Jacques Halbronn Temps indéfini ou temps cyclique? Le cas de l’événement unique à célébrer.
Les débats actuels autour des enjeux électoraux révélent une sorte d’idéologie du temps indéfini, illimité. C’est ainsi que le référendum de 2005 est présenté comme exprimant une réponse définitive qui ne saurait être remise en question. C’est la position d’un Michel Onfray qui crie au scandale parce que les conclusions du dit référendum ont été réaménagées par la suite. Vox populi, vox Dei.
Lu dans la revue Front Populaire:
« Les 15 ans du « non » au référendum
Il y a quinze ans, le 29 Mai 2005, près de 55 % des Français rejetaient le projet de traité établissant une constitution pour l’Europe. Une formidable expression de la souveraineté nationale qui sera désavouée trois ans plus tard, lorsque députés et sénateurs adoptèrent le Traité de Lisbonne, au mépris de la volonté populaire ».
On entend ainsi certains décréter qu’un réferendum devrait fixer des lignes pour le long terme alors même que le dit réferendum ne peut s’inscrire que dans une certaine conjoncture. Tout se passe comme s’il y avait la volonté de figer les choses une fois pour toutes et que l’important n’était pas tant ici le contenu que la forme. Abordons à présent un autre sujet d’actualité, à savoir le « miracle » de la Résurrection de Jésus, présenté comme la pierre de touche du christianisme. Là encore, un instant T se voit doté d’un impact indéfini, ad vitam aeternam. A cette approche, nous opposerons celle de temps cyclique, à savoir l’existence d’une dialectique du flux et du reflux et le maintien de cette dialectique à travers le temps.
Or, la doctrine chrétienne nous présente la dite Résurrection pascale comme un événement inoui, unique en son genre, ce qui renvoie à l’idée d’un temps « indéfini ». Or, il semble bien que certaines religions étaient axés sur le retour d’un phénoméne récurrent, ce qui va à l’opposé du temps « indéfini », permanent, pérenne, constant.
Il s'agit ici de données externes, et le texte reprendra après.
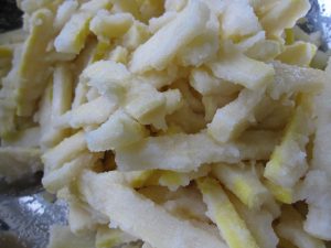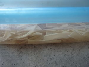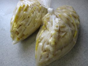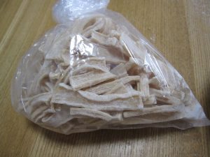 節の部分はやっぱり硬いので切り取った。水に二晩くらい漬けて塩を抜きながら戻す。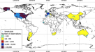 Color-coded cross-correlation values between the different variables analyzed in this work. Locations with less than 100 mm of MAP were excluded from this study. Shades of red, yellow and green represent increasing magnitude of correlations irrespective of the sign. Absolute values of latitude were used for estimating correlation. Both Pearson’s (above the solid black diagonal line) and Spearman’s (below the diagonal line) correlation values (r) are presented. See Table 1 for variable description.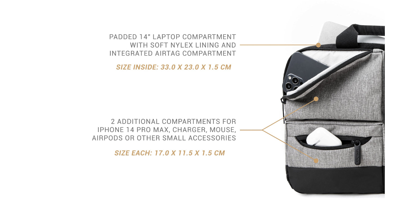 - Laptop compartment: 31.3 x 22.2 x 1.6 cm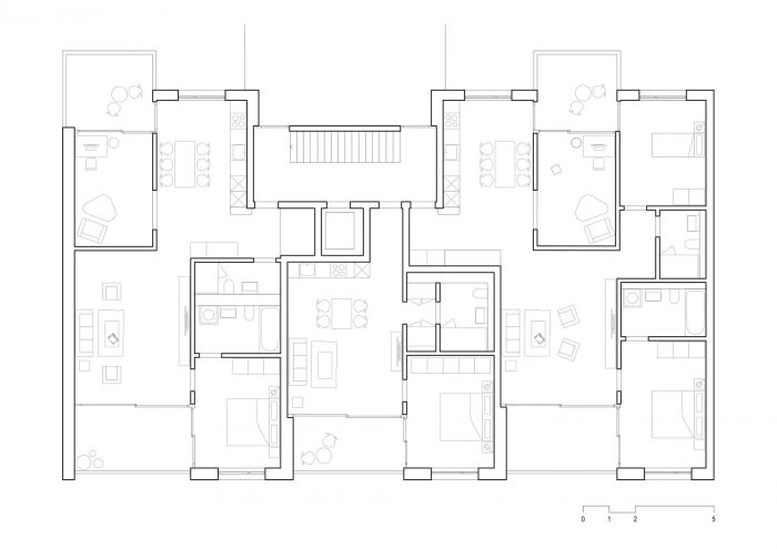The architectural elements of prefabricated brick elements serve as a strong identity and signal a high appreciation of the collective living space. In these elongated, plaza-like courtyards, a neighborly social life can unfold. The expanded courtyard structures contain laundry rooms, stroller rooms, and roof terraces for the respective residencies.

Le miracle, ici, est, selon nous, de l’ordre du recommencement, d’une attente d’une nouvelle manifestation..
Force est de constater que le christianisme s’est fixé sur un seul événement, non reproductible, qui est la Résurrection, le retour du monde des morts, ce qui nous oblige à survaloriser le dit événement sur la base de témoignages anciens. Imagine-t-on que l’on nous parle d’un phénoméne qui n’est pas censé se reproduire, et donc s’observer!
Jean Michel Castaing (aletheia) n’écrit-il pas :
« La résurrection de Jésus nous rejoint aujourd’hui parce qu’elle fut un événement réel, objectif, qui avait besoin de témoins pour prendre tout son sens. Les apôtres furent les témoins de cet événement qui bouleversa leurs vies – comme il peut transformer la nôtre dès maintenant.
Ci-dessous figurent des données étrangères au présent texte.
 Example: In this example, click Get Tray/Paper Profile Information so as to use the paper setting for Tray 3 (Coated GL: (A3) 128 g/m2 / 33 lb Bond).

« La Résurrection de Jésus est un fait objectif. Bien que l’événement n’eût aucun témoin et qu’il transcende nos cadres spatio-temporels habituels (par lui Jésus entre dans la vie divine), cependant il s’inscrit dans notre histoire. En effet, la Résurrection est arrivée à un moment bien précis du temps, et elle a touché une personne qui a vécu une existence terrestre »?
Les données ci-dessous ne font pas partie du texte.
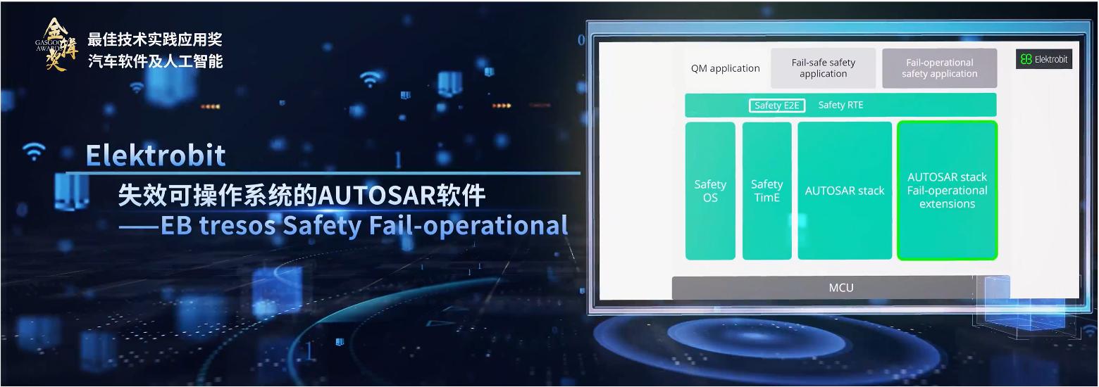 金辑奖由盖世汽车主办,旨在评选和表彰在汽车产业变革中具有前瞻性与影响力的企业及创新技术。EB tresos Safety Fail-operational是专为满足ISO 26262 ASIL D最高功能安全等级要求设计的独特软件解决方案,为L3及以上级别自动驾驶、智能底盘及关键控制系统提供完整的失效可操作解决方案。该平台通过硬件冗余与监控机制的深度整合,确保系统在发生故障时能够持续安全运行,为实现下一代智能汽车的关键安全功能提供了可靠保障。

Pour nous, en tout cas, il s’agirait là d’un contre-sens théologique lequel ne saurait se dissocier d’un processus cyclique et donc reproductible, selo une certaine exigence épistémologique. Ce qui a été sera. Un phénoméne ne saurait être cantonné au passé mais se doit d’être manifeste ici et maintenant. Prenons le cas du génie. Devrait-on se contenter d’évoquer des génies du passé? Heureusement, tel n’est nullement le cas et chaque génération peut se glorifier d’un certain nombre de génies, de « justes » (selon la terminologie liée à la discussion autour du sort de Sodome et Gomorhe. De même, toute naissance présente un caractère merveilleux et cela vaut pour la naissance de Jésus mais nous savons que le « miracle »‘ de la naissance est constamment attesté et n’a pas à être célébré comme un évenement révolu. C’est d’ailleurs toute l’ambiguité du processus de célébration, comme dans le cas de la Sortie d’Egypte, célébré à Pâques. Tout miracle est voué à se répéter périodiquement, même si l’on peut essayer d’en déterminer la première occurence. Par ailleurs, la grandeur d’un pays ne saurait se réduire à quelque événement aussi remarquable serait-il mais exige des confirmations régulières sinon on bascule dans le « has been ». Et d’ailleurs, cela deviendrait l’exception qui confirme la régle, ce qui montre bien que nous n’accordons de peu de crédit à ce qui ne peut se rééditer, comme dans le cas d’un sportif qui se glorifierait d’un exploit qu’il ne serait pas en mesure de renouveler.